INPUT DATA ::
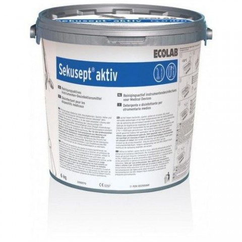 Vysoce účinný čistící a dezinfekční přípravek pro nástrojovou dezinfekci včetně endoskopů a dezinfekci a čištění ploch a povrchů včetně koupacích van. Nová receptura - výrazný a rychlý účinek, neobsahuje aldehydy, pro manuálně prováděnou dezinfekci, ultrazvukové lázně, mycí poloautomaty, vynikající materiálová snášenlivost - pH pracovního roztoku 8, zcela rozpustný, bez zbytkových reziduí, možnost kontroly koncentrace účinné látky (testovací proužky), bezpečný a ekologický. Spektrum účinnosti: baktericidní (vč. TBC), virucidní (vč. HBV, HIV, Vaccinia, Adeno, Papova, Polio), fungicidní, sporicidní Složení: tetraacetylethylendiamin, peroxouhličitan sodný, neionogenní tenzidy, inhibitory koroze, komplexotvorné látky, parfemační přísady. Oblast použití: Pro aktivní čištění a dezinfekci zdravotnického instrumentária včetně endoskopů, anesteziologického příslušenství apod., ve všech typech zdravotnických zařízení, laboratořích, farmaceutické výrobě atdDezinfekční přípravek Sekusept Aktiv 6kg pro nástroje a plochy
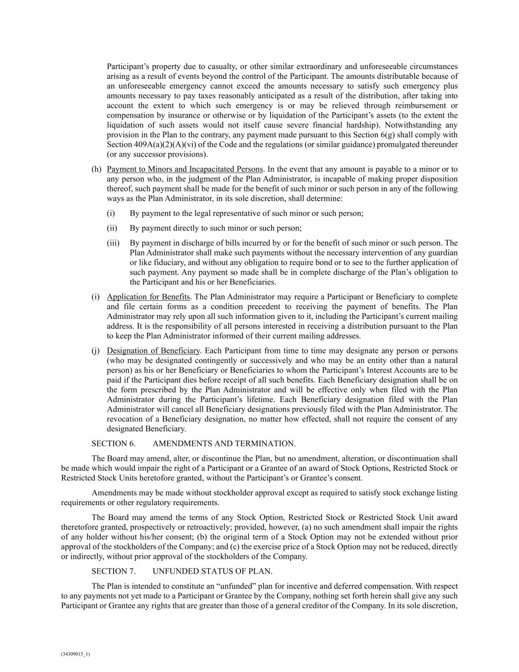 (34309015_1) Participant’s property due to casualty, or other similar extraordinary and unforeseeable circumstances arising as a result of events beyond the control of the Participant. The amounts distributable because of an unforeseeable emergency cannot exceed the amounts necessary to satisfy such emergency plus amounts necessary to pay taxes reasonably anticipated as a result of the distribution, after taking into account the extent to which such emergency is or may be relieved through reimbursement or compensation by insurance or otherwise or by liquidation of the Participant’s assets (to the extent the liquidation of such assets would not itself cause severe financial hardship). Notwithstanding any provision in the Plan to the contrary, any payment made pursuant to this Section 6(g) shall comply with Section 409A(a)(2)(A)(vi) of the Code and the regulations (or similar guidance) promulgated thereunder (or any successor provisions). (h) Payment to Minors and Incapacitated Persons. In the event that any amount is payable to a minor or to any person who, in the judgment of the Plan Administrator, is incapable of making proper disposition thereof, such payment shall be made for the benefit of such minor or such person in any of the following ways as the Plan Administrator, in its sole discretion, shall determine: (i) By payment to the legal representative of such minor or such person; (ii) By payment directly to such minor or such person; (iii) By payment in discharge of bills incurred by or for the benefit of such minor or such person. The Plan Administrator shall make such payments without the necessary intervention of any guardian or like fiduciary, and without any obligation to require bond or to see to the further application of such payment. Any payment so made shall be in complete discharge of the Plan’s obligation to the Participant and his or her Beneficiaries. (i) Application for Benefits. The Plan Administrator may require a Participant or Beneficiary to complete and file certain forms as a condition precedent to receiving the payment of benefits. The Plan Administrator may rely upon all such information given to it, including the Participant’s current mailing address. It is the responsibility of all persons interested in receiving a distribution pursuant to the Plan to keep the Plan Administrator informed of their current mailing addresses. (j) Designation of Beneficiary. Each Participant from time to time may designate any person or persons (who may be designated contingently or successively and who may be an entity other than a natural person) as his or her Beneficiary or Beneficiaries to whom the Participant’s Interest Accounts are to be paid if the Participant dies before receipt of all such benefits. Each Beneficiary designation shall be on the form prescribed by the Plan Administrator and will be effective only when filed with the Plan Administrator during the Participant’s lifetime. Each Beneficiary designation filed with the Plan Administrator will cancel all Beneficiary designations previously filed with the Plan Administrator. The revocation of a Beneficiary designation, no matter how effected, shall not require the consent of any designated Beneficiary. SECTION 6. AMENDMENTS AND TERMINATION. The Board may amend, alter, or discontinue the Plan, but no amendment, alteration, or discontinuation shall be made which would impair the right of a Participant or a Grantee of an award of Stock Options, Restricted Stock or Restricted Stock Units heretofore granted, without the Participant’s or Grantee’s consent. Amendments may be made without stockholder approval except as required to satisfy stock exchange listing requirements or other regulatory requirements. The Board may amend the terms of any Stock Option, Restricted Stock or Restricted Stock Unit award theretofore granted, prospectively or retroactively; provided, however, (a) no such amendment shall impair the rights of any holder without his/her consent; (b) the original term of a Stock Option may not be extended without prior approval of the stockholders of the Company; and (c) the exercise price of a Stock Option may not be reduced, directly or indirectly, without prior approval of the stockholders of the Company. SECTION 7. UNFUNDED STATUS OF PLAN. The Plan is intended to constitute an “unfunded” plan for incentive and deferred compensation. With respect to any payments not yet made to a Participant or Grantee by the Company, nothing set forth herein shall give any such Participant or Grantee any rights that are greater than those of a general creditor of the Company. In its sole discretion,
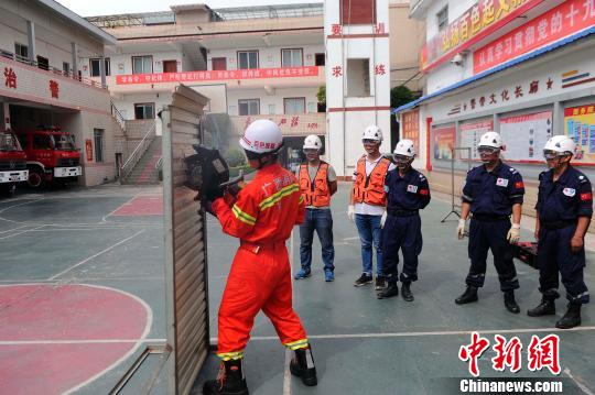 武警广西百色市消防支队右江大队右江中队官兵向蓝天救援队志愿者传授无齿锯破拆技术。 蒋雪林 摄

EXERCISE AIM :: Only the pictures are to be dropped; return everything else in the listing exactly.

EXERCISE ANSWER ::
 Vysoce účinný čistící a dezinfekční přípravek pro nástrojovou dezinfekci včetně endoskopů a dezinfekci a čištění ploch a povrchů včetně koupacích van. Nová receptura - výrazný a rychlý účinek, neobsahuje aldehydy, pro manuálně prováděnou dezinfekci, ultrazvukové lázně, mycí poloautomaty, vynikající materiálová snášenlivost - pH pracovního roztoku 8, zcela rozpustný, bez zbytkových reziduí, možnost kontroly koncentrace účinné látky (testovací proužky), bezpečný a ekologický. Spektrum účinnosti: baktericidní (vč. TBC), virucidní (vč. HBV, HIV, Vaccinia, Adeno, Papova, Polio), fungicidní, sporicidní Složení: tetraacetylethylendiamin, peroxouhličitan sodný, neionogenní tenzidy, inhibitory koroze, komplexotvorné látky, parfemační přísady. Oblast použití: Pro aktivní čištění a dezinfekci zdravotnického instrumentária včetně endoskopů, anesteziologického příslušenství apod., ve všech typech zdravotnických zařízení, laboratořích, farmaceutické výrobě atdDezinfekční přípravek Sekusept Aktiv 6kg pro nástroje a plochy
 (34309015_1) Participant’s property due to casualty, or other similar extraordinary and unforeseeable circumstances arising as a result of events beyond the control of the Participant. The amounts distributable because of an unforeseeable emergency cannot exceed the amounts necessary to satisfy such emergency plus amounts necessary to pay taxes reasonably anticipated as a result of the distribution, after taking into account the extent to which such emergency is or may be relieved through reimbursement or compensation by insurance or otherwise or by liquidation of the Participant’s assets (to the extent the liquidation of such assets would not itself cause severe financial hardship). Notwithstanding any provision in the Plan to the contrary, any payment made pursuant to this Section 6(g) shall comply with Section 409A(a)(2)(A)(vi) of the Code and the regulations (or similar guidance) promulgated thereunder (or any successor provisions). (h) Payment to Minors and Incapacitated Persons. In the event that any amount is payable to a minor or to any person who, in the judgment of the Plan Administrator, is incapable of making proper disposition thereof, such payment shall be made for the benefit of such minor or such person in any of the following ways as the Plan Administrator, in its sole discretion, shall determine: (i) By payment to the legal representative of such minor or such person; (ii) By payment directly to such minor or such person; (iii) By payment in discharge of bills incurred by or for the benefit of such minor or such person. The Plan Administrator shall make such payments without the necessary intervention of any guardian or like fiduciary, and without any obligation to require bond or to see to the further application of such payment. Any payment so made shall be in complete discharge of the Plan’s obligation to the Participant and his or her Beneficiaries. (i) Application for Benefits. The Plan Administrator may require a Participant or Beneficiary to complete and file certain forms as a condition precedent to receiving the payment of benefits. The Plan Administrator may rely upon all such information given to it, including the Participant’s current mailing address. It is the responsibility of all persons interested in receiving a distribution pursuant to the Plan to keep the Plan Administrator informed of their current mailing addresses. (j) Designation of Beneficiary. Each Participant from time to time may designate any person or persons (who may be designated contingently or successively and who may be an entity other than a natural person) as his or her Beneficiary or Beneficiaries to whom the Participant’s Interest Accounts are to be paid if the Participant dies before receipt of all such benefits. Each Beneficiary designation shall be on the form prescribed by the Plan Administrator and will be effective only when filed with the Plan Administrator during the Participant’s lifetime. Each Beneficiary designation filed with the Plan Administrator will cancel all Beneficiary designations previously filed with the Plan Administrator. The revocation of a Beneficiary designation, no matter how effected, shall not require the consent of any designated Beneficiary. SECTION 6. AMENDMENTS AND TERMINATION. The Board may amend, alter, or discontinue the Plan, but no amendment, alteration, or discontinuation shall be made which would impair the right of a Participant or a Grantee of an award of Stock Options, Restricted Stock or Restricted Stock Units heretofore granted, without the Participant’s or Grantee’s consent. Amendments may be made without stockholder approval except as required to satisfy stock exchange listing requirements or other regulatory requirements. The Board may amend the terms of any Stock Option, Restricted Stock or Restricted Stock Unit award theretofore granted, prospectively or retroactively; provided, however, (a) no such amendment shall impair the rights of any holder without his/her consent; (b) the original term of a Stock Option may not be extended without prior approval of the stockholders of the Company; and (c) the exercise price of a Stock Option may not be reduced, directly or indirectly, without prior approval of the stockholders of the Company. SECTION 7. UNFUNDED STATUS OF PLAN. The Plan is intended to constitute an “unfunded” plan for incentive and deferred compensation. With respect to any payments not yet made to a Participant or Grantee by the Company, nothing set forth herein shall give any such Participant or Grantee any rights that are greater than those of a general creditor of the Company. In its sole discretion,
 武警广西百色市消防支队右江大队右江中队官兵向蓝天救援队志愿者传授无齿锯破拆技术。 蒋雪林 摄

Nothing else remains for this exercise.